Other concerns include environmental justice issues like access to clean drinking water and healthy air for those living in high-density areas, reported Lupe Rodriguez, executive director of National Latina Institute for Reproductive Justice.

A top issue was found to include access to affordable abortion care, according to AAPI, Black and Latinx respondents polled. Racial and reproductive justice are crucial to these voters, explained Dr. Regina Davis Moss, President and CEO of In Our Own Voice: National Black Women’s Reproductive Justice Agenda. Concerned that fewer resources may be available to such groups, Moss suggests lower standards for healthcare, housing, employment and education may result in fewer opportunities and substandard care for people in this category.

High maternal mortality rates are particularly important to Black women, said Moss, and abortion bans are already negatively impacting these death rates.

Women of color are very, very strongly engaged with the reproductive justice agenda, adds Rodriguez. In states that have put abortion on the ballot, women of color are rejecting abortion bans and attacks on freedom across the country, including Latinx voters.

Women of color are especially concerned with body autonomy and strongly tie their concerns about rising costs to access to reproductive health care, said Chamorrow. In fact, women’s rights and abortion combined to tie with rising costs as the number one concern for women of color. Latinos are also connecting concerns about rising costs to reproductive health care affordability, added Rodriguez.

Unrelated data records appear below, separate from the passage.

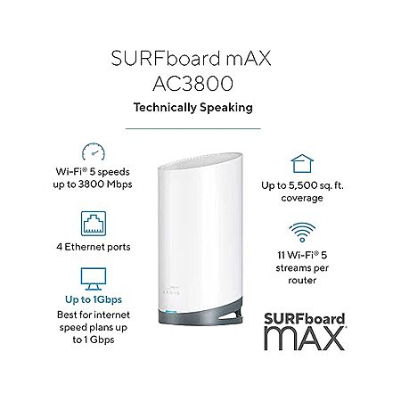 ARRIS SURFboard mAX WC4S Tri-Band Mesh WiFi System (AC3800, 5,500 sq ft Coverage) $19.99 + Free Shipping w/ Prime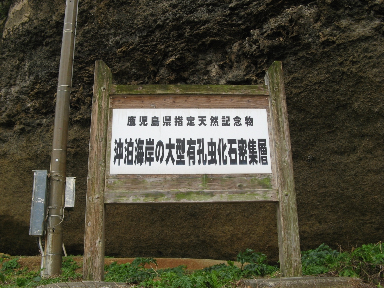 田皆崎から東の方向へ海岸に沿う道路を進んで行くと沖泊港が見えてきます。沖泊港へ至る下り坂を下がり切ったところ、右手に「沖泊海岸の大型有孔虫化石密集層」と書かれた看板があります。看板の背後には大きな崖があり、崖の上の方は琉球石灰岩が見られますが、中央より下側に大型有孔虫の化石層が見られ、足元にも崖から削れ落ちた化石がたくさん積み重なっています。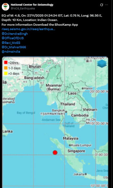 ന്യൂൽഹി: ഇന്ത്യൻ മഹാസമുദ്രത്തിൽ 6.4 തീവ്രത രേഖപ്പെടുത്തിയ ഭൂചലനം ഉണ്ടായി. വടക്കൻ സുമാത്രക്ക് സമീപത്ത് ഉണ്ടായ ഭൂചലനത്തിൽ ആൻഡമാൻ നിക്കോബാർ ദ്വീപുകളിലെ ഇന്ദിരപോയിന്റ്, ലിറ്റിൽ ആൻഡമാൻ എന്നീ സ്ഥലങ്ങളിൽ ജാഗ്രത നിർദേശം നൽകിയിട്ടുണ്ട്. അതേസമയം, കേരള തീരത്ത് നിലവിൽ സുനാമി മുന്നറിയിപ്പ് ഇല്ല എന്നും സമുദ്ര സ്ഥിതി പഠനക ഗവേഷണ കേന്ദ്രം പറഞ്ഞു. നാശനഷ്ടങ്ങളോ സുനാമി മുന്നറിയിപ്പുകളോ ഉണ്ടായതായി ഉടനടി റിപ്പോർട്ടുകൾ ഇല്ല. ഇന്ത്യൻ തീരപ്രദേശത്ത് നിന്ന് വളരെ അകലെയാണ് ഭൂചലനത്തിന്റെ കേന്ദ്രബിന്ദു എന്നും ഉദ്യോഗസ്ഥർ പറഞ്ഞു.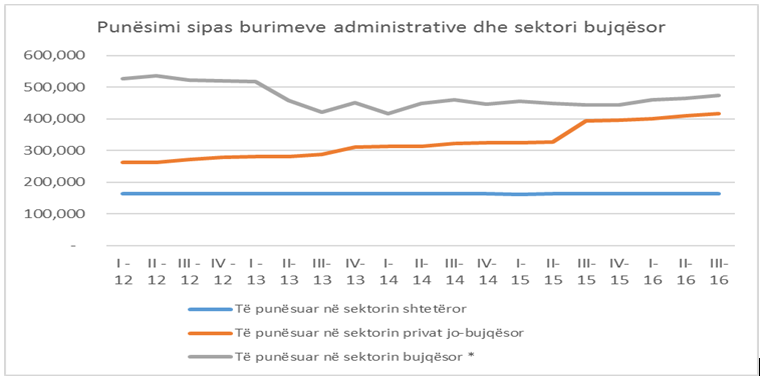 Në tabelën e INSTAT “Punësimi sipas burimeve administrative dhe sektori bujqësor raporton të dhënat administrative për të punësuarit në sektorin shtetëror dhe atë privat jo bujqësor (sipas raportimeve zyrtare te sigurimet), ndërsa për bujqësinë të dhënat merren nga Anketa e Forcave të Punës (vrojtimi në terren, ku njerëzit pyesin nëse kanë punuar apo jo).

For Korean American women, the top issue was women’s rights, which includes abortion and gender-based issues such as wage discrimination. Korean women were also concerned with issues that threaten democracy.

Abortion access has risen for all women of color as a very top priority. This includes Indian American women, who noted priorities for ensuring medication abortion and affordable health care. Three quarters of Indian and Chinese women polled support abortion access, as similar numbers of Vietnamese and Korean populations feel the same. For Vietnamese women, affordable prescription drugs ranked among their top two concerns, and notably, voting issues.

Intersections of our Lives is made up of three organizations and is driven by the intersectional experiences of women of color to make voicing the priorities of women of color a priority in their research.

The group made up of Lake Research Partners and HIT Strategy, released new national polling data that reveals the connections between women of color voters and their priorities. Their poll found connections among Asian-american and Pacific Islander, Black in Latina, Latinx women. These researchers spoke with 850 Latina women registered voters, 850 Asian American Pacific Islander registered voters and 850 African American in Texas, Georgia, Florida and Virginia. The mixed mode poll included online, text and telephone responses.